The rift that has emerged in the tech world over the concept of open-source in AI can seem anything but straightforward. The leading player on the “closed” side of this split is called OpenAI. Companies that do claim to be open-source are often accused of “openwashing.” And Mark Zuckerberg is cool now?

If you’re confused by this whole situation, you’re in good company.

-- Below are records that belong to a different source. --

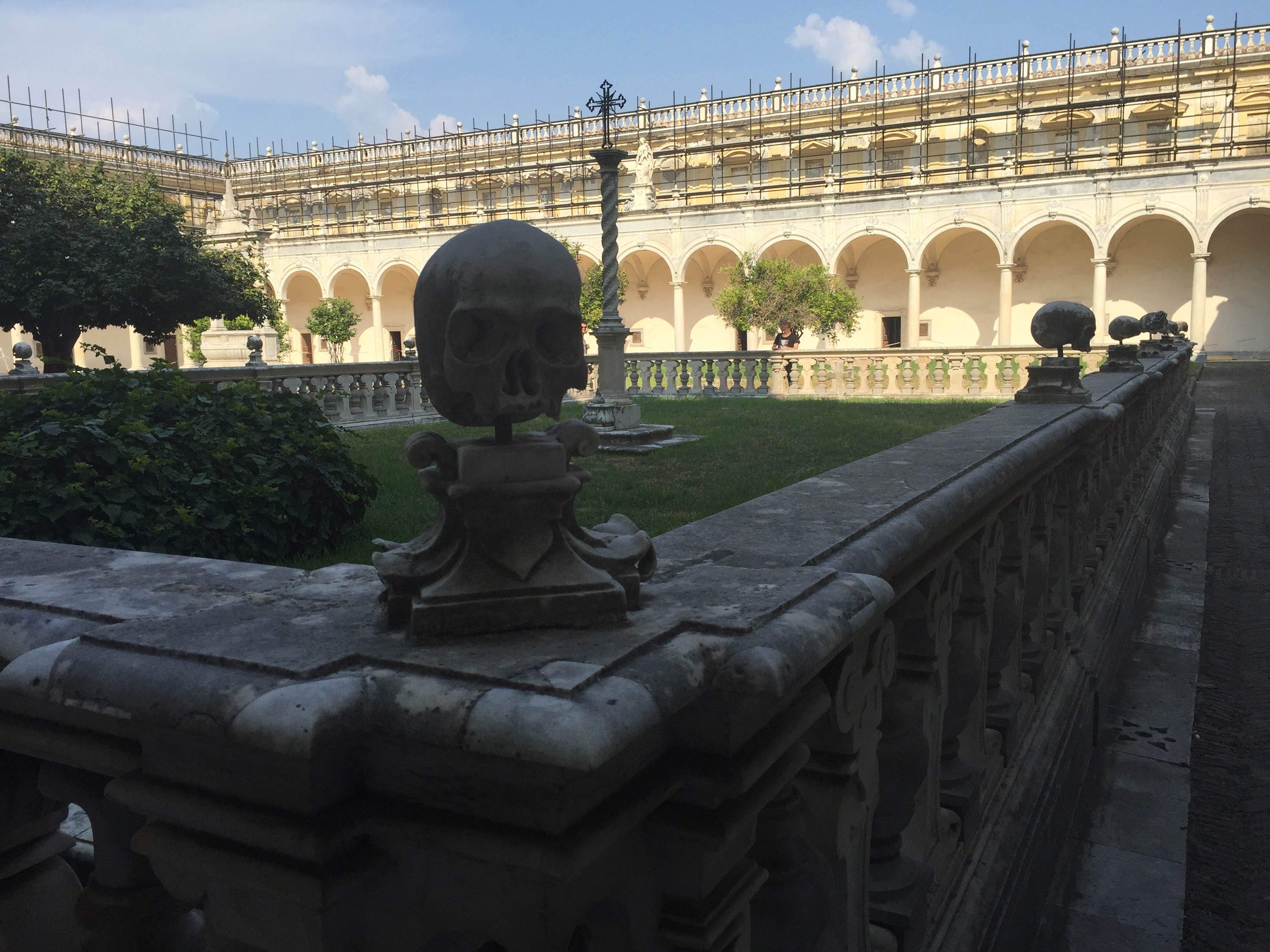 We made our way down by foot through some very gritty narrow Neapolitan streets into the Rione Sanita, only to discover the church and catacombs were closed! We wandere around and miraculously came across a little bus that eas going to Piazza Cavour, where we took the train to Montesanto in order to get the funicular up to see the Certosa di San Martino, high above the city.
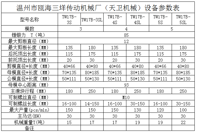 您當(dāng)前的位置:首頁(yè) / 產(chǎn)品中心 / 三模三沖冷鐓機(jī) / └ TW17B(M10)多工位冷鐓機(jī) / TW17B三模三沖多工位冷鐓機(jī)
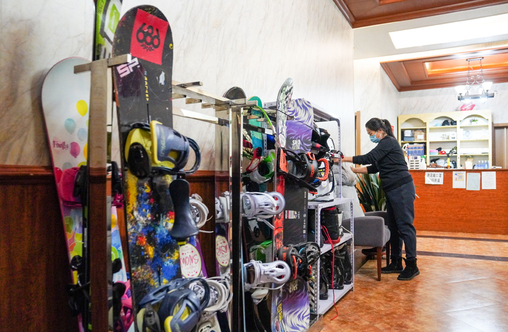 今年53歲的于淑芬是南溝村第一批農家樂經營者。13年前,因經常有路過的“雪友”前來詢問哪里可以吃飯、住宿,讓本就冬日無事的于淑芬萌生了“何不自己開個餐館賺點家用”的想法。如今,經過一步步發展經營,她開辦的農家樂已頗具規模,每個雪季能夠營收數十萬元。“現在我們村里,冬天才是一年中最忙的時候。家家戶戶都在盼著下雪,雪越大,游客越多。”于淑芬說道。2022年11月21日,于淑芬在農家樂住宿區打掃衛生。新華社記者 顏麟蘊 攝
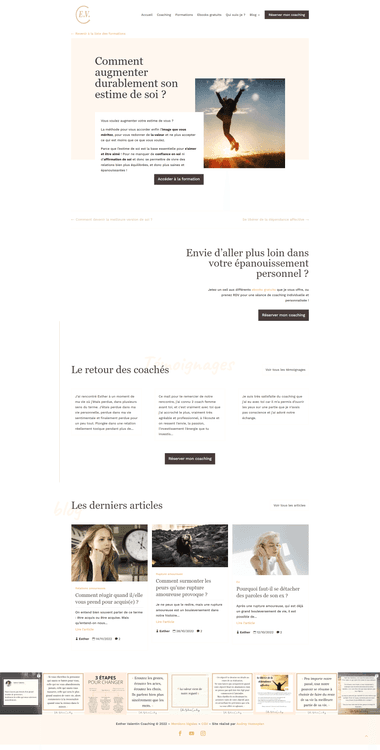 Esther avait besoin d’un site à la fois professionnel, complet et parfaitement aligné avec son activité de coach. L’enjeu était de créer une plateforme centrale où tout son écosystème digital pourrait vivre : ses accompagnements, ses ressources payantes, ses formations, son contenu éditorial et son système de prise de rendez-vous. L’objectif : valoriser son expertise, fluidifier son parcours client et soutenir sa stratégie commerciale.

While the question of how public the code and data behind the latest wave of AI should be has big implications for the future of the tech, the industry doesn’t even seem to quite agree on what open-source AI strictly is, for one.

The Open Source Initiative (OSI), the organization widely seen as responsible for setting that standard, recently embarked on a road trip of sorts to ask around about its proposed definitions. Executive Director Stefano Maffulli told us the complexities of the tech and the pace of its development pose unprecedented challenges.

“This is absolutely never seen before. Not only because of the new artifacts like model weights [and] parameters,” Maffulli told Tech Brew. “Also, the speed at which it came out of the labs. Like, all of a sudden, ‘Look, this thing thinks! Oh, let me build an app!’ I’ve never seen anything like this.”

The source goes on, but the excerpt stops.